I was 2 years old, Jimmy Carter was the President of the United States, and South Down Shores did not even exist when the City of Laconia first proposed building a lakeside bike trail within the State of New Hampshire-owned railroad right of way.
According to the long ago published Lakes Region, N.H. Bikeway System Report, "the railroad right of way was well suited for the trail for a variety of reasons: its close proximity to the homes of year round and seasonal residents; the level grade and separation from automobile traffic made it attractive to very young and older riders; and the route combined scenic beauty with access to the region's busiest commercial areas, providing opportunity for those who might use their bicycles for commuting."
Although the proposal received a great deal of community support and enthusiasm, plans were stalled in Laconia because of the high cost associated with fencing requirements by the state. Meanwhile, communities around the country developed rail trails and began enjoying significant health, economic and recreation benefits.

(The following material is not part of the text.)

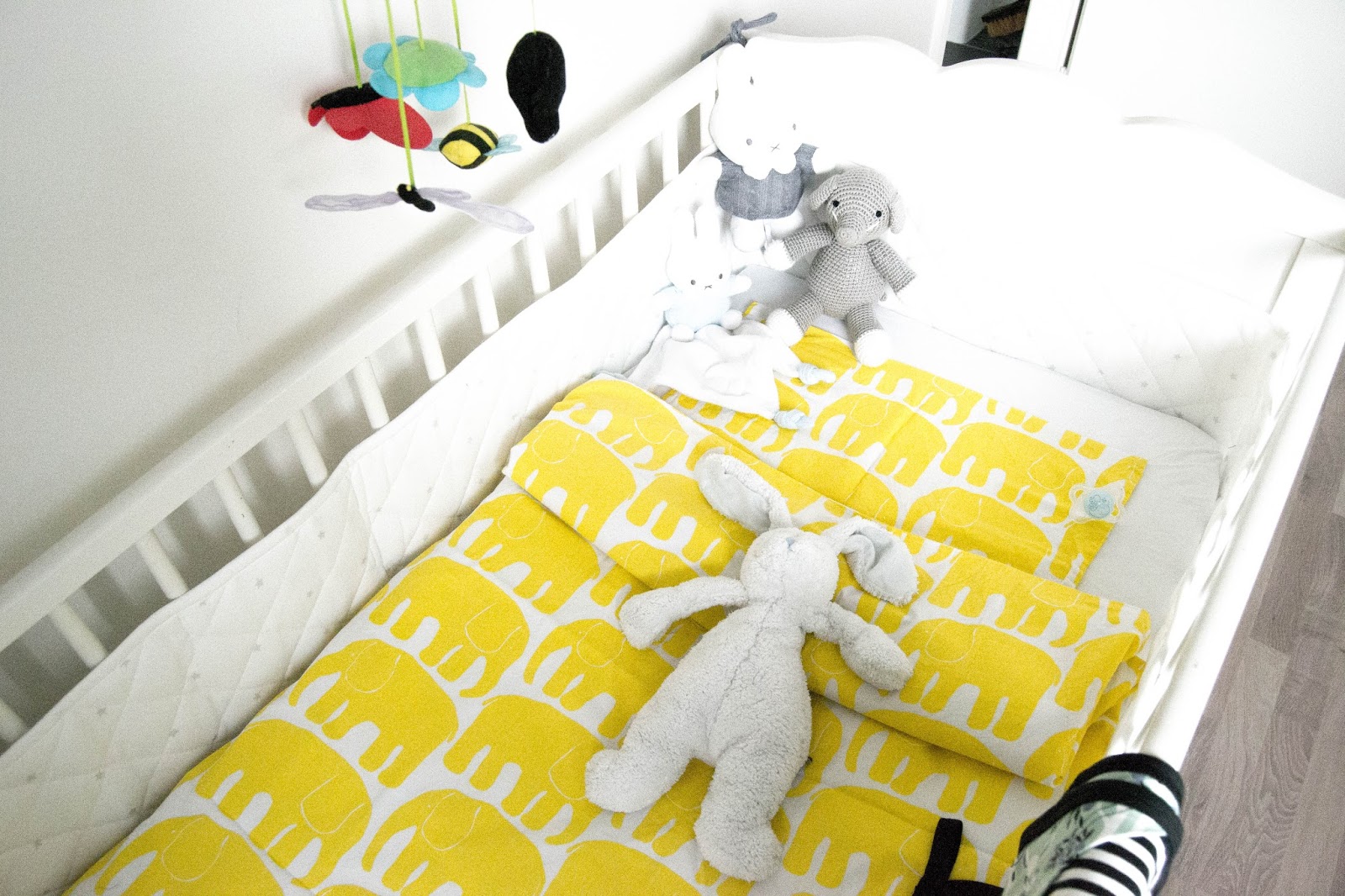Justuksen sänky on sama, joka Rasmuksella oli vauvana, välissä siinä on nukkunut lasten serkku ja nyt se on tehnyt taas paluun meille. Taattua Ikea-laatua. Vähän reunoissa on serkku-tytön hampaanjälkiä, mutta eihän se menoa haittaa! Reunapehmusteena on Ikeaa myös, toi pehmuste onkin kätevä, sillä se on yhdistetty pohjakankaalla. Eli alla on kangas, joka yhdistää reunapehmusteen alareunat yhteen. Patjana on Lastentarvikkeesta ostettu Trold ja Emman kosteussuojan päällä vielä Ikean petari. Lakanoissa oon suosinut aina niitä Ikean kuminauhareunallisia lakanoita, ne on vaan niin mahdottoman toimivia ja helppoja! Käytetään niitä myös omassa sängyssä.

Fast forward to present day Laconia and the concept of a recreation trail in the state-owned right of way again enjoys a great deal of community support and enthusiasm for many of the same reasons. As well, conversations about fencing requirements remain in the news.
Let's talk about this.
Contrary to recent reports, split-rail fencing or some amenable alternative has, indeed, been approved by the Department of Transportation Bureau of Rail and Transit along the waterfront properties for Phase 2 of the WOW Trail. We are grateful for this unprecedented exception by the State of N.H. and look forward to continued conversations in this regard.
Rails-with-trails have become a common part of the recreation landscape in the United States in recent years, representing nearly 10 percent of all rail-trails in the country. There are currently 161 rails-with-trails in 41 states, a 260 percent increase since 2000. There is no federal standard regarding fencing. Some states require chain link fencing, others require vegetation or grade separation, while others require no separation at all.
According to the Rails to Trails Conservancy's 2013 Rails-With-Trails report, out of thousands of fatalities on railroad corridors in the United States in recent decades, only one involved a trail user on a rail-with-trail. This suggests that a well-designed pathway provides a safe travel alternative and reduces incentive to trespass or use the tracks as a shortcut.
Even more, there's no denying that Phase 1 of the WOW Trail has fast become a unifying landmark and point of pride for the City of Laconia. A growing number of community leaders recognize that a completed WOW Trail will be a game-changer for this community. Not only will it enhance the quality of life for year round and seasonal residents, but it will attract new visitors to the area and help current and future businesses attract and retain a quality workforce by making the city a more desirable place to live, work and play for my generation of young families. We can look at case studies of communities around the country who have seen transformative change by implementing comprehensive, regional trail systems. But, ultimately, it's up to our community to say yes to the idea here, advocate for a more walkable, bikeable city and, most importantly, help usher this project along by investing in its construction.
Let's finish what the City of Laconia first proposed for the Lakes Region in 1980. It's about time we get this project done. I'm ready, are you?